» Task material
※ ※ ※

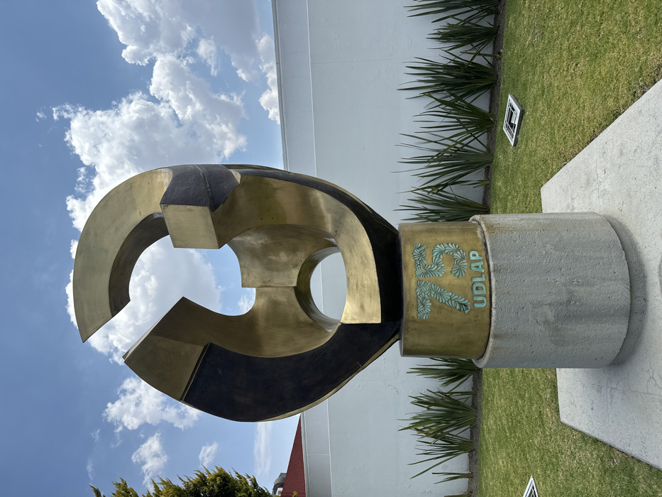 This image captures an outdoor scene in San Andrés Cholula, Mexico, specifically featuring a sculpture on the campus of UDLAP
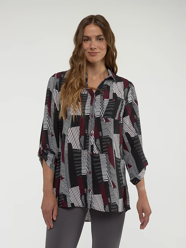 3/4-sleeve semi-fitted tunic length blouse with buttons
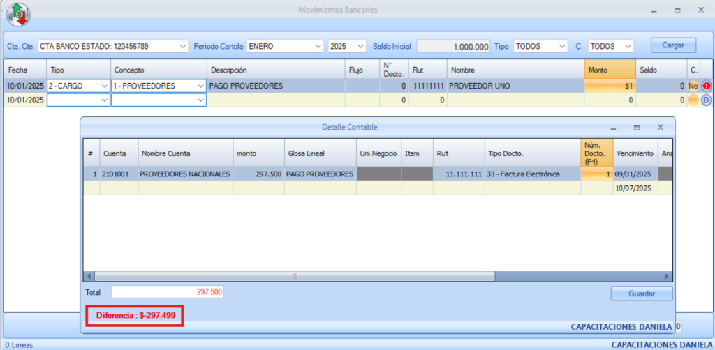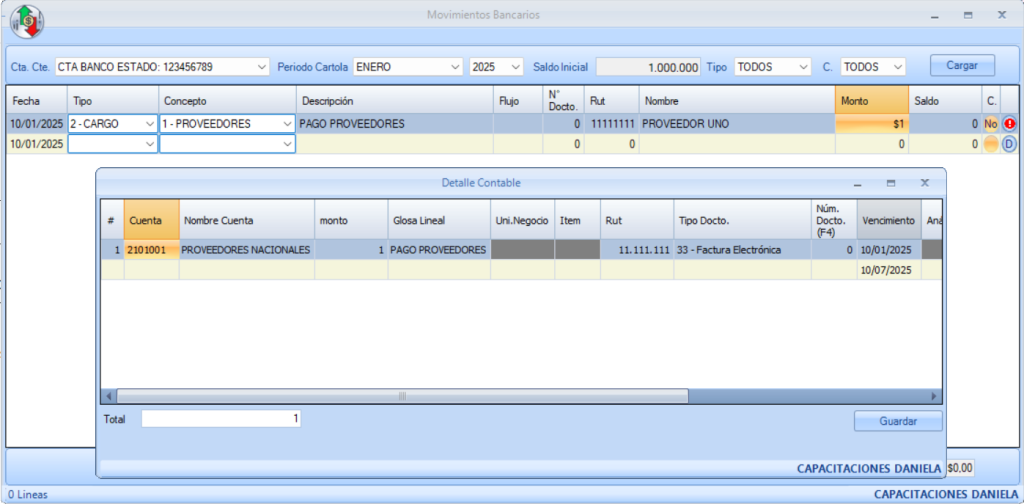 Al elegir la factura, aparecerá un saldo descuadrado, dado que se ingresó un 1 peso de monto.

※ ※ ※

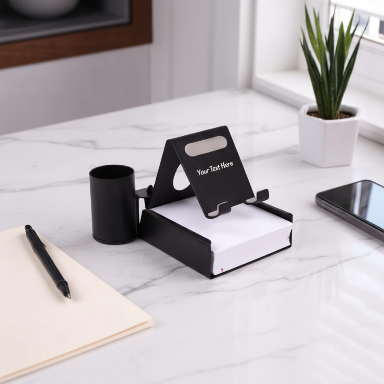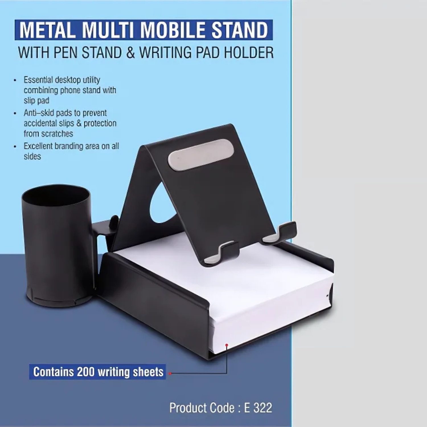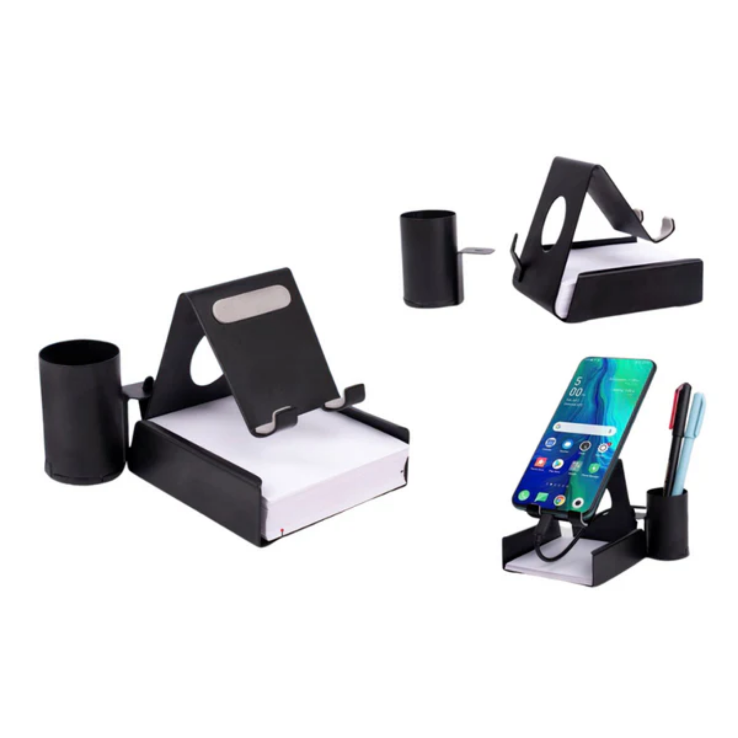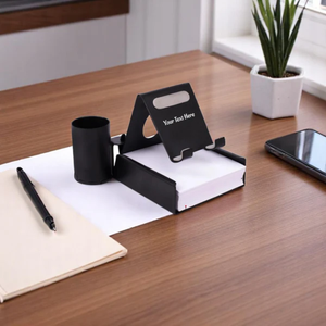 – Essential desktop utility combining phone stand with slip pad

※ ※ ※

» Task to carry out
Without the pictures, set down the lines above from the line with "This image captures" up to and including the line with "Al elegir la" exactly as they stand.

» Finished exercise
 This image captures an outdoor scene in San Andrés Cholula, Mexico, specifically featuring a sculpture on the campus of UDLAP
 3/4-sleeve semi-fitted tunic length blouse with buttons
 Al elegir la factura, aparecerá un saldo descuadrado, dado que se ingresó un 1 peso de monto.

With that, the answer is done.